The reason that this has bubbled back to the surface for me is because previously I was not able to use Route 53 due to the lack of SNI support. I host a test lab behind a Kemp load balancer and have SNI enabled because it is handling Exchange as well as AD FS traffic. Now that SNI support is in Route 53, the health checks work. As you can see here, without SNI enabled on the health check, the server is incorrectly marked as unhealthy.
For Exchange Server 2013 and 2016 we can monitor each Exchange service independently by requesting /healthcheck.htm in the virtual directory for each service. The healthcheck.htm file does not exist, but rather is generated by Managed Availability to indicate whether the protocol is healthy or not. You can see this in your web browser by navigating to one of your Exchange services, such as OWA. For example, my test lab OWA health check URL is https://mail.exchangeserverpro.net/owa/healthcheck.htm.
If I take the OWA components offline, the same URL doesn’t return the “200 OK” response, and the protocol can therefore be considered unhealthy by anything that is performing a health check.
[PS] C:\>Set-ServerComponentState -Identity EX2016SRV1 -Component OwaProxy -State Inactive -Requester Maintenance
[PS] C:\>Set-ServerComponentState -Identity EX2016SRV2 -Component OwaProxy -State Inactive -Requester Maintenance
In total, there are 8 services that potentially need health checking. You can decide which are the most important to you if you want to monitor only a few of them.
- Outlook Anywhere (aka RPC over HTTP) – /rpc
- MAPI/HTTP – /mapi
- Outlook Web App (aka Outlook on the web) /owa
- Exchange Control Panel – /ecp
- Exchange ActiveSync /Microsoft-Server-ActiveSync
- Exchange Web Services /ews
- Offline Address Book /oab
- AutoDiscover /Autodiscover
Creating a health check is Route 53 for one of those services is simple. Give the health check a meaningful name and fill out the details so that a HTTPS check is performed against your Exchange namespace, and the appropriate virtual directory with /healthcheck.htm appended to it.

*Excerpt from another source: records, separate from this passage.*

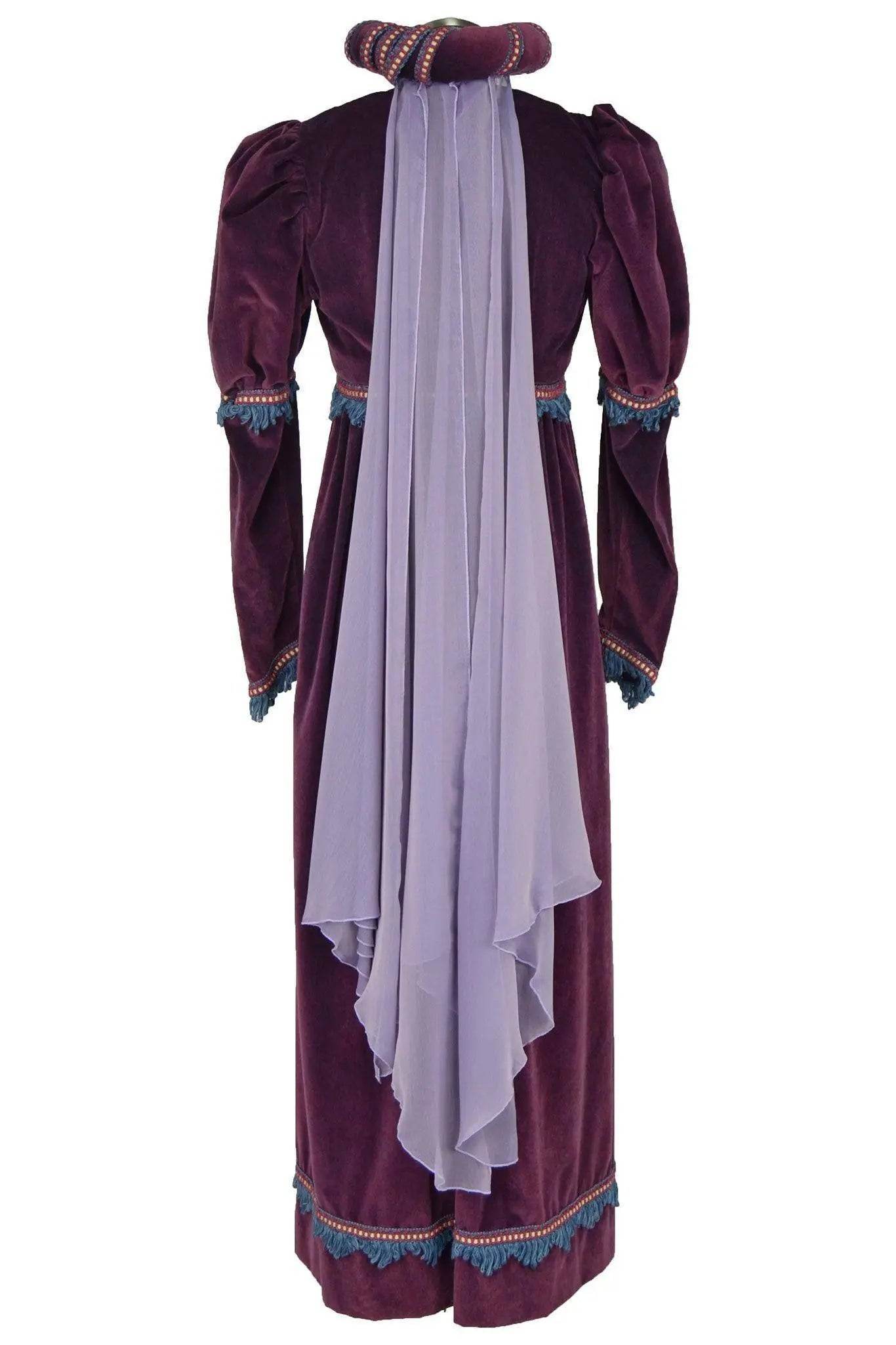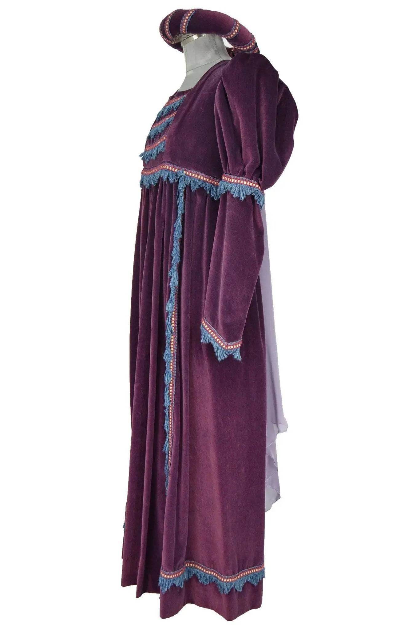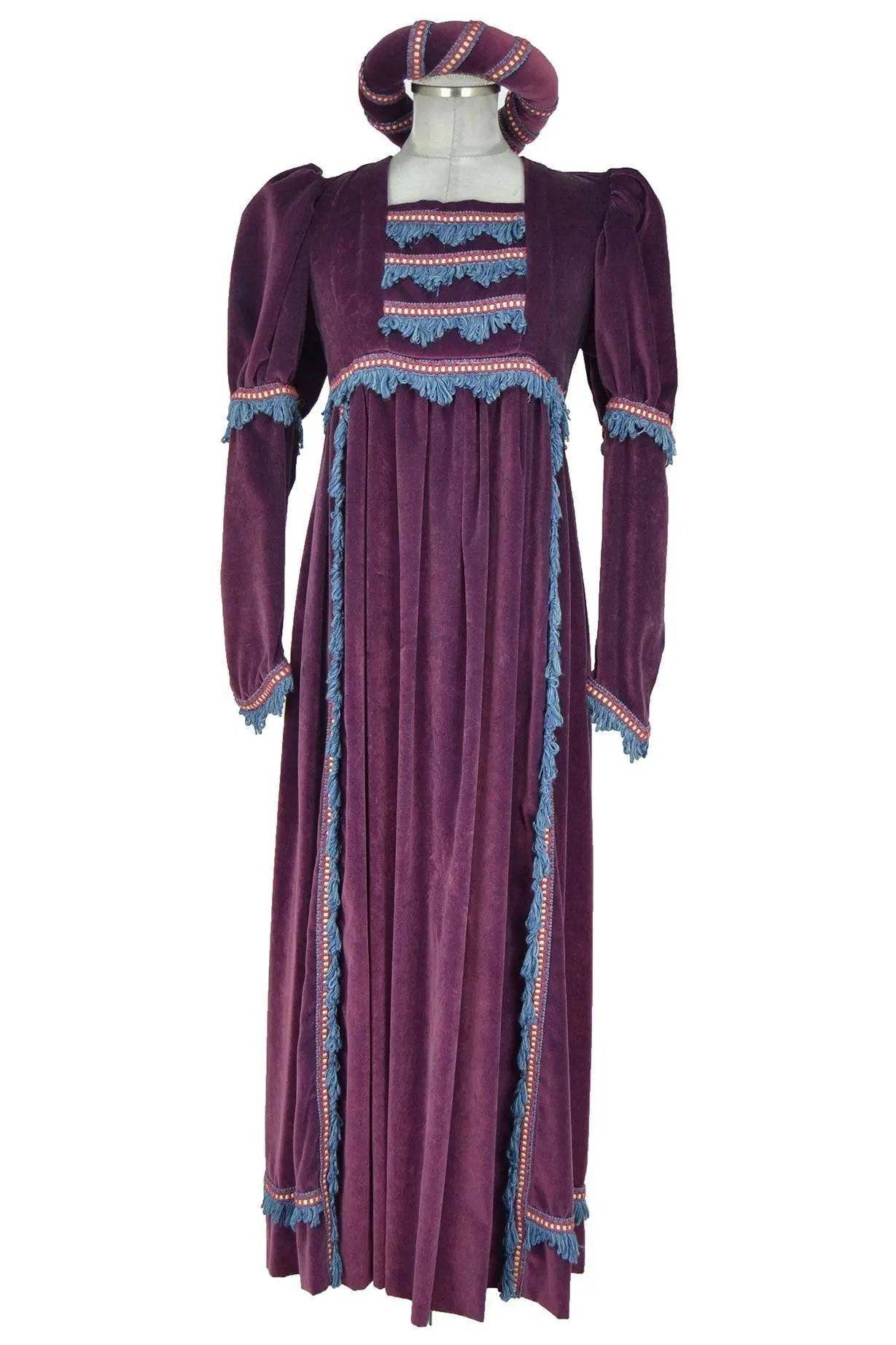 Noleggio Abito donna del rinascimento di linea sciolta in velluto liscio di una bellissima tonalità viola vino. Maniche, vita, orli e busto sono sottolineati da frange a smerlo in un azzurro polvere delicatamente a contrasto, abbinate a passamaneria che si ripete sull'acconciatura a ciambella tipica del periodo.
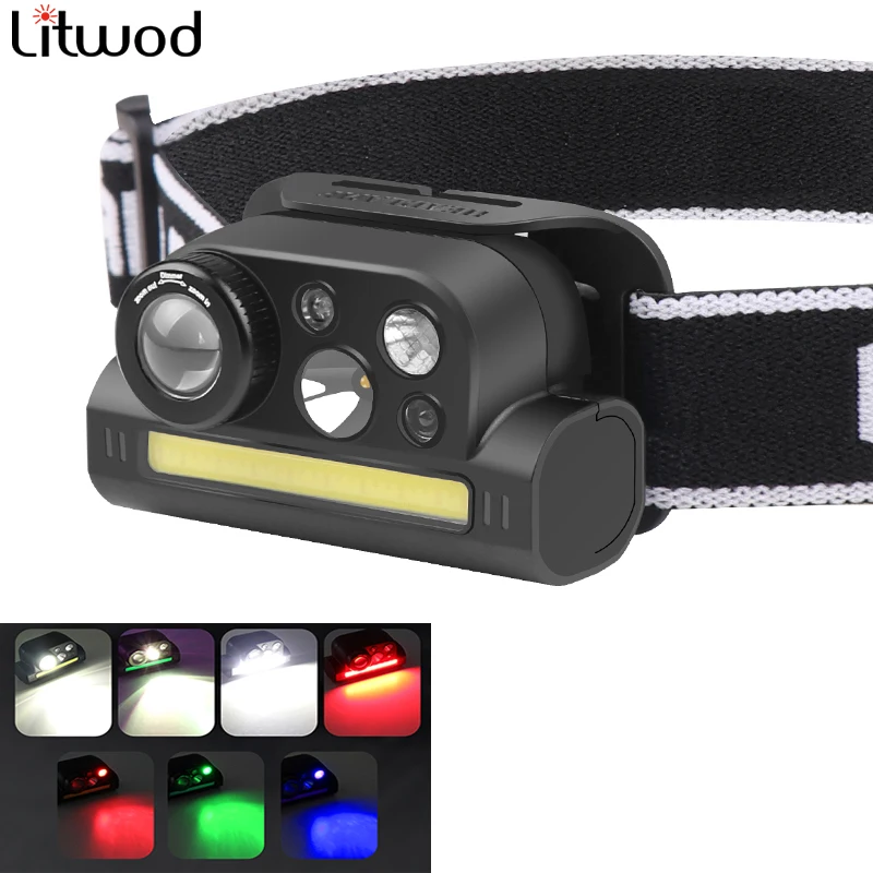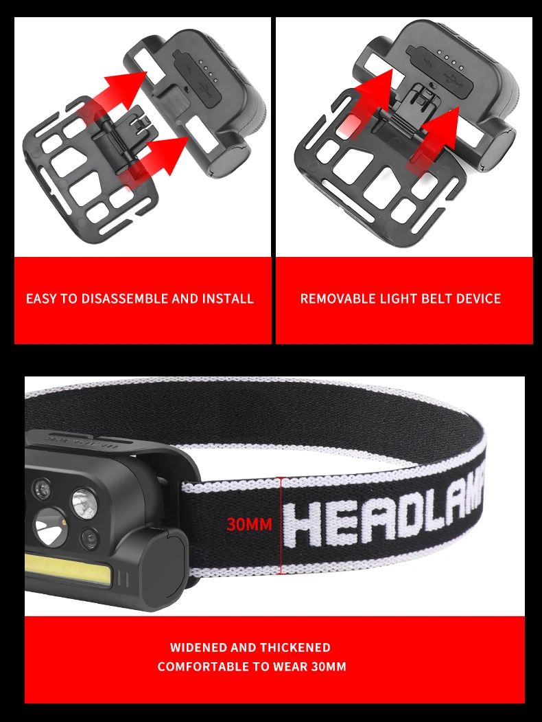 Налобный фонарь с датчиком COB, водонепроницаемый светодиодный свет...
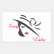 Imagen de una "dama sexy con lápiz de labios rojo y un gorra negro a un lado" en estos "Pegatinas blancos Rectangle" que fue diseñada por la tienda Warrior_Wares_Inc. Prueba nuestra colección de Pegatinas Sexy Lady Rectangle.
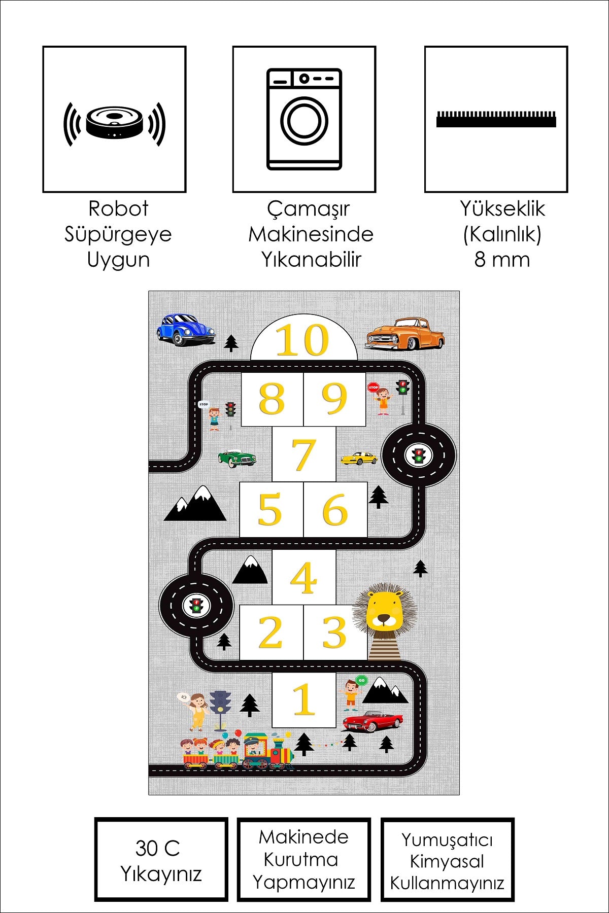 West Home Makinede Yıkanabilir, Çocuk Halısı-504 Grey

Double check the Advanced settings to ensure SNI support is enabled, if your load balancer requires it.
The next part of the wizard prompts you to set up alarms. You can choose not to set up alarms at this time if you’d prefer to just set up the health checks and test them out before you potentially blast yourself with alert emails.
But if you do want to set up an alarm, either create a new Simple Notification Service (SNS) topic, or if you’ve already created an SNS topic while setting up a previous alarm you can choose the existing one.
Note that at the time I’m writing this the user interface seems to have the Existing/New toggle the wrong way around, so watch out for that if you’re doing this step yourself.
Note also that SNS topic names can’t have spaces. The interface isn’t very helpful with this, it will allow you to try setting an SNS topic name with spaces, then fail to create it and throw an error. That’s okay though, you can add an alarm to an existing health check later if you need to.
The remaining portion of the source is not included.